▶ **RECORDS FOR THE EXERCISE**:
****************************************
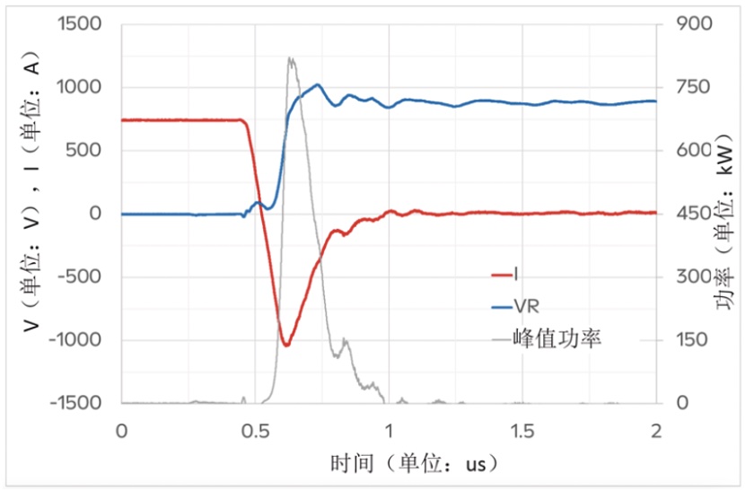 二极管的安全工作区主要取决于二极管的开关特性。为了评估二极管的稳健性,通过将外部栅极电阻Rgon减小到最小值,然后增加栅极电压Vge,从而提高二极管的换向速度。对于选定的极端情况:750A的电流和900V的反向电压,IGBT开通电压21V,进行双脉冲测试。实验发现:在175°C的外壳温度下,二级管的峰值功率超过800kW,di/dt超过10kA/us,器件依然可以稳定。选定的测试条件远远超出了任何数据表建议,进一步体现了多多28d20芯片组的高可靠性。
****************************************
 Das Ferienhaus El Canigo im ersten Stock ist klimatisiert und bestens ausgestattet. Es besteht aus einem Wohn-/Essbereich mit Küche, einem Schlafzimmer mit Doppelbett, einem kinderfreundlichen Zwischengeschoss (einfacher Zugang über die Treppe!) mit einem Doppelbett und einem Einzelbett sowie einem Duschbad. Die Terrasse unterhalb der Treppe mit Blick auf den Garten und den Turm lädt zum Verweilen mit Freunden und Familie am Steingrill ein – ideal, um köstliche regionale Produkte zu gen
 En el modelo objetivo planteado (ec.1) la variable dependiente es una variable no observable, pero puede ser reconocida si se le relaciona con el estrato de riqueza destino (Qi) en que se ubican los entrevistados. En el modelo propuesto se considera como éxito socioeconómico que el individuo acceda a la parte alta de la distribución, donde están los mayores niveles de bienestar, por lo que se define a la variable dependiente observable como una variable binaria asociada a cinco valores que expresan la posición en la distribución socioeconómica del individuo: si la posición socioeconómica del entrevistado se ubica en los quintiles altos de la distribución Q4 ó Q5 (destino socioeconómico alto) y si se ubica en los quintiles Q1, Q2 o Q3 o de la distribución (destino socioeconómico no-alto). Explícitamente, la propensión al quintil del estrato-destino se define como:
****************************************
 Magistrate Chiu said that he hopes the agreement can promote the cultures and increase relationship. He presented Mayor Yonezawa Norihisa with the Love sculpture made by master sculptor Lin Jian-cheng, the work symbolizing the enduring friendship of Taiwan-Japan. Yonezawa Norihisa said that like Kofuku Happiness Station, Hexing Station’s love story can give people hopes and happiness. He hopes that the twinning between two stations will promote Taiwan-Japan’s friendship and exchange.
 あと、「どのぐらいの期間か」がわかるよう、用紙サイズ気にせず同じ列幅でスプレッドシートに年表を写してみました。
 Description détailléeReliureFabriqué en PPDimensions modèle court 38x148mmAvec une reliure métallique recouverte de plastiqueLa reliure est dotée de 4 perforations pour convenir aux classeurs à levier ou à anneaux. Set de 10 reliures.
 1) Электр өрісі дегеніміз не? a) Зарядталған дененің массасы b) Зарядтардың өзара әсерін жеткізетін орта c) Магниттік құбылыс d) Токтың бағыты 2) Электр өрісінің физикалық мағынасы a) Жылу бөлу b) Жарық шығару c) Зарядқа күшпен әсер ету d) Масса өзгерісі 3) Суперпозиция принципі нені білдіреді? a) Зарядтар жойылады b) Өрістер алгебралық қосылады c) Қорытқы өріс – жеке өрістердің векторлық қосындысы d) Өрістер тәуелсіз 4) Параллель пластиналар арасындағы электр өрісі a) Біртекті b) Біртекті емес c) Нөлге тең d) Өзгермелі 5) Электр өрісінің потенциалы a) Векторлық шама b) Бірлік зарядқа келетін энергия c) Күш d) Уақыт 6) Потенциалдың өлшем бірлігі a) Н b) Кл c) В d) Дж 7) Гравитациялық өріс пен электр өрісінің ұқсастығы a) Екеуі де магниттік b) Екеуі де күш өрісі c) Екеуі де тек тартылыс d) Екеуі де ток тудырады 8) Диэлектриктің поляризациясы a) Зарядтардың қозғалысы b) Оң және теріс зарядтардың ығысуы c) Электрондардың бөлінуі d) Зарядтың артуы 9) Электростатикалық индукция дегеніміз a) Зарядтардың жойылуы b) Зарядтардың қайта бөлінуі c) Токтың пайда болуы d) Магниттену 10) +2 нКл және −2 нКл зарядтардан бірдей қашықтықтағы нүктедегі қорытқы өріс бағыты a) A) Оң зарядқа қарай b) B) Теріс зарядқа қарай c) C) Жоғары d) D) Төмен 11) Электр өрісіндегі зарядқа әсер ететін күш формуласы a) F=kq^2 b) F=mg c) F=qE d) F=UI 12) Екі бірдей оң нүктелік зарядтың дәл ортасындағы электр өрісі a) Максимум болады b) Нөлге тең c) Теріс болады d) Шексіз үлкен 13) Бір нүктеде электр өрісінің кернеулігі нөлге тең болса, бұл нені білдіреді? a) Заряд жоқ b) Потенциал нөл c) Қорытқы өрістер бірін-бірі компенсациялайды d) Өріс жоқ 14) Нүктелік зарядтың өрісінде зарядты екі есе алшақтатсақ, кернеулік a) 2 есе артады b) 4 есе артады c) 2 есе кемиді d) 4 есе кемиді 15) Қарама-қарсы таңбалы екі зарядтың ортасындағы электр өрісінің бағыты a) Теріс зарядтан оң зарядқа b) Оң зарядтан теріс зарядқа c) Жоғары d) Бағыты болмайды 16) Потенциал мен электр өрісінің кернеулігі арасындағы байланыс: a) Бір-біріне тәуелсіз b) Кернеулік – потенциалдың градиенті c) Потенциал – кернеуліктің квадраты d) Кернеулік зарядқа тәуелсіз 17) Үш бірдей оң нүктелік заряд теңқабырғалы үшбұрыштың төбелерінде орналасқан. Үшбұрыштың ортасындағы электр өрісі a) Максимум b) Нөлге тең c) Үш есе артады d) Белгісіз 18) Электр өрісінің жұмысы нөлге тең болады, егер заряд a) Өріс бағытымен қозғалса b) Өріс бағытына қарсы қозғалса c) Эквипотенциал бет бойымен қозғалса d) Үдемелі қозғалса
****************************************
An exact copy of the lines above, from the one containing "Magistrate Chiu said" through the one containing "あと、「どのぐらいの期間か」", is the whole of the answer.

 Magistrate Chiu said that he hopes the agreement can promote the cultures and increase relationship. He presented Mayor Yonezawa Norihisa with the Love sculpture made by master sculptor Lin Jian-cheng, the work symbolizing the enduring friendship of Taiwan-Japan. Yonezawa Norihisa said that like Kofuku Happiness Station, Hexing Station’s love story can give people hopes and happiness. He hopes that the twinning between two stations will promote Taiwan-Japan’s friendship and exchange.
 あと、「どのぐらいの期間か」がわかるよう、用紙サイズ気にせず同じ列幅でスプレッドシートに年表を写してみました。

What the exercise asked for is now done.